__Assigned task__:
What is needed is an exact copy of the entries below, with the pictures left out.

__Source material__:
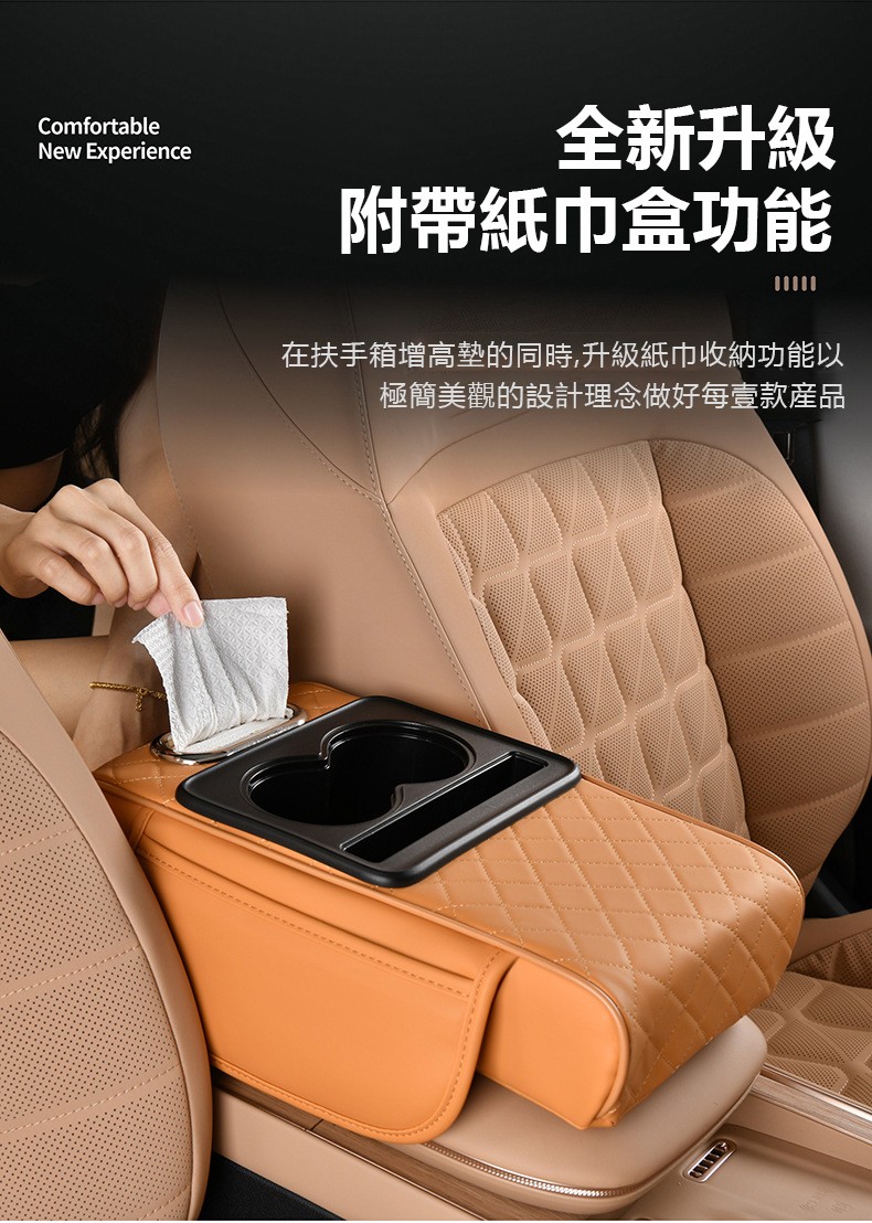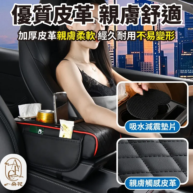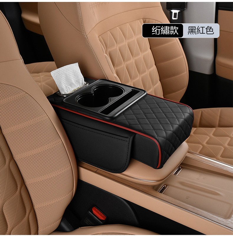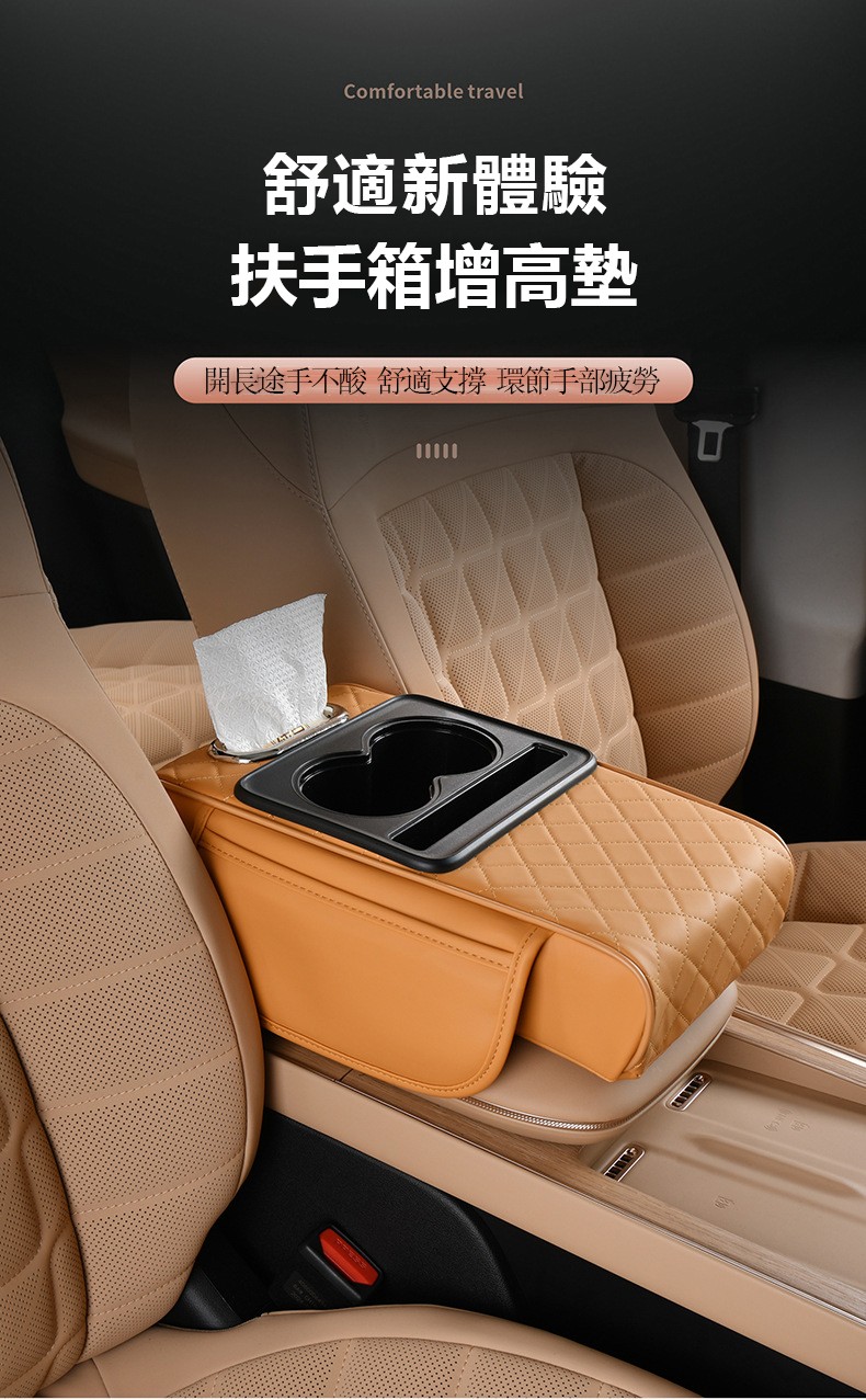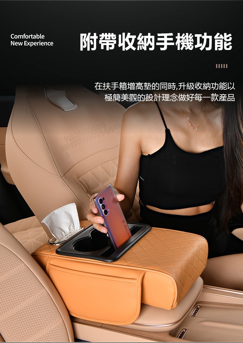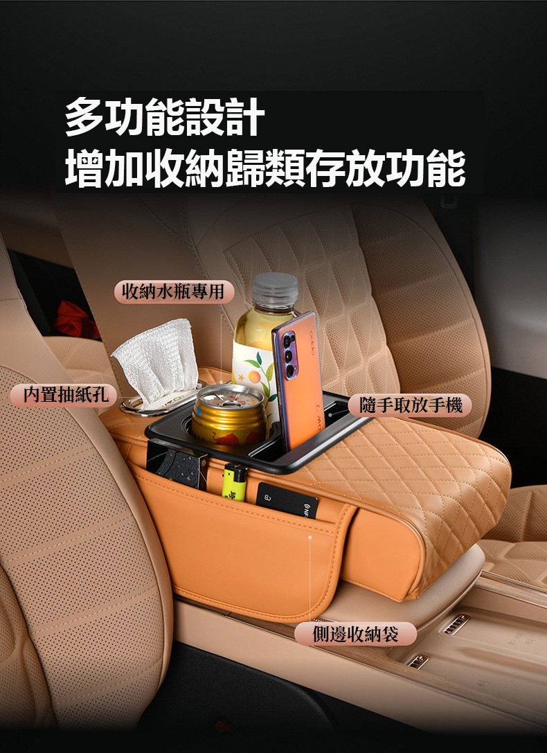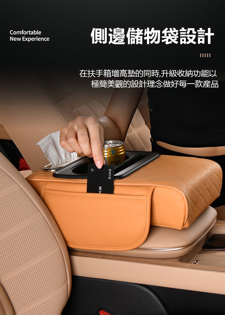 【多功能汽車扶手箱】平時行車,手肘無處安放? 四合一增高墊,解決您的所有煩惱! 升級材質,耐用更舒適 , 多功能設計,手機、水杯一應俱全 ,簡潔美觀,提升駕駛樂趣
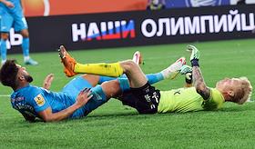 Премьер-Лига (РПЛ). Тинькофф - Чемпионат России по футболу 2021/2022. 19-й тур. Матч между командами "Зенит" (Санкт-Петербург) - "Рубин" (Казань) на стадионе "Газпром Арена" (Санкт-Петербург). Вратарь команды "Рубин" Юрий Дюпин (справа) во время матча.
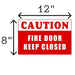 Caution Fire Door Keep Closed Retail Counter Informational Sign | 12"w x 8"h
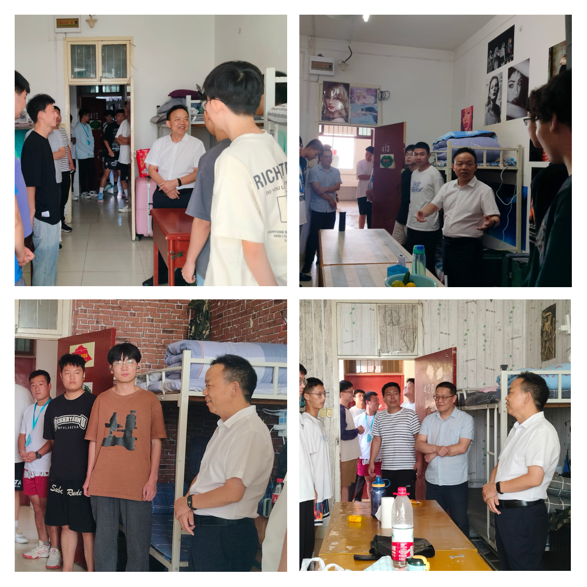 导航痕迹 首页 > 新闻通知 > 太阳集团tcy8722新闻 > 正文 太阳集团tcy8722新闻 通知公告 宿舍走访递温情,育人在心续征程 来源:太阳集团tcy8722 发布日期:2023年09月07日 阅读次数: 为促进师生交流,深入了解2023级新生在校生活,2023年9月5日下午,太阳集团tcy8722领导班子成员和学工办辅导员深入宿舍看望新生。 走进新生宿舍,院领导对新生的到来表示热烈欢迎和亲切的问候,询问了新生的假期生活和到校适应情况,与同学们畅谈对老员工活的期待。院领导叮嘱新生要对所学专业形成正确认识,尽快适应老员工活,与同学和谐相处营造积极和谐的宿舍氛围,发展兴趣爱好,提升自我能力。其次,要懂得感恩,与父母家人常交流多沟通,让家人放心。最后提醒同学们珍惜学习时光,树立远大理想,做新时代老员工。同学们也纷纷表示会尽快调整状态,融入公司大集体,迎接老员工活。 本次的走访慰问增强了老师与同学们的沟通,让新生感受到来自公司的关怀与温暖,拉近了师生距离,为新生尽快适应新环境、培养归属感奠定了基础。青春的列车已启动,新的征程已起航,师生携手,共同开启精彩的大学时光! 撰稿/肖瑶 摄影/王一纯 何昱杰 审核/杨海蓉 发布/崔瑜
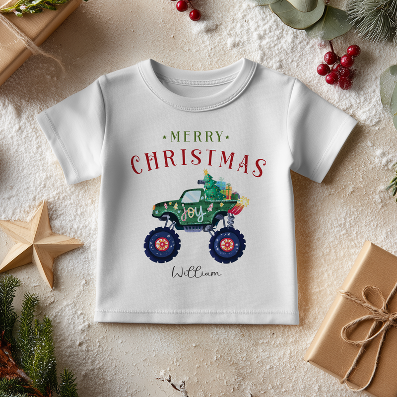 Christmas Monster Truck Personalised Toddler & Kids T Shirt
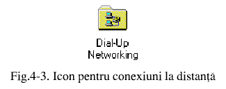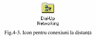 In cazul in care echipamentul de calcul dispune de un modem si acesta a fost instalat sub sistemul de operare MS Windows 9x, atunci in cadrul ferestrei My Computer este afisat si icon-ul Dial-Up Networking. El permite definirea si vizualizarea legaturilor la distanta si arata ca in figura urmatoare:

__Response area__:
 【多功能汽車扶手箱】平時行車,手肘無處安放? 四合一增高墊,解決您的所有煩惱! 升級材質,耐用更舒適 , 多功能設計,手機、水杯一應俱全 ,簡潔美觀,提升駕駛樂趣
 Премьер-Лига (РПЛ). Тинькофф - Чемпионат России по футболу 2021/2022. 19-й тур. Матч между командами "Зенит" (Санкт-Петербург) - "Рубин" (Казань) на стадионе "Газпром Арена" (Санкт-Петербург). Вратарь команды "Рубин" Юрий Дюпин (справа) во время матча.
 Caution Fire Door Keep Closed Retail Counter Informational Sign | 12"w x 8"h
 导航痕迹 首页 > 新闻通知 > 太阳集团tcy8722新闻 > 正文 太阳集团tcy8722新闻 通知公告 宿舍走访递温情,育人在心续征程 来源:太阳集团tcy8722 发布日期:2023年09月07日 阅读次数: 为促进师生交流,深入了解2023级新生在校生活,2023年9月5日下午,太阳集团tcy8722领导班子成员和学工办辅导员深入宿舍看望新生。 走进新生宿舍,院领导对新生的到来表示热烈欢迎和亲切的问候,询问了新生的假期生活和到校适应情况,与同学们畅谈对老员工活的期待。院领导叮嘱新生要对所学专业形成正确认识,尽快适应老员工活,与同学和谐相处营造积极和谐的宿舍氛围,发展兴趣爱好,提升自我能力。其次,要懂得感恩,与父母家人常交流多沟通,让家人放心。最后提醒同学们珍惜学习时光,树立远大理想,做新时代老员工。同学们也纷纷表示会尽快调整状态,融入公司大集体,迎接老员工活。 本次的走访慰问增强了老师与同学们的沟通,让新生感受到来自公司的关怀与温暖,拉近了师生距离,为新生尽快适应新环境、培养归属感奠定了基础。青春的列车已启动,新的征程已起航,师生携手,共同开启精彩的大学时光! 撰稿/肖瑶 摄影/王一纯 何昱杰 审核/杨海蓉 发布/崔瑜
 Christmas Monster Truck Personalised Toddler & Kids T Shirt
 In cazul in care echipamentul de calcul dispune de un modem si acesta a fost instalat sub sistemul de operare MS Windows 9x, atunci in cadrul ferestrei My Computer este afisat si icon-ul Dial-Up Networking. El permite definirea si vizualizarea legaturilor la distanta si arata ca in figura urmatoare:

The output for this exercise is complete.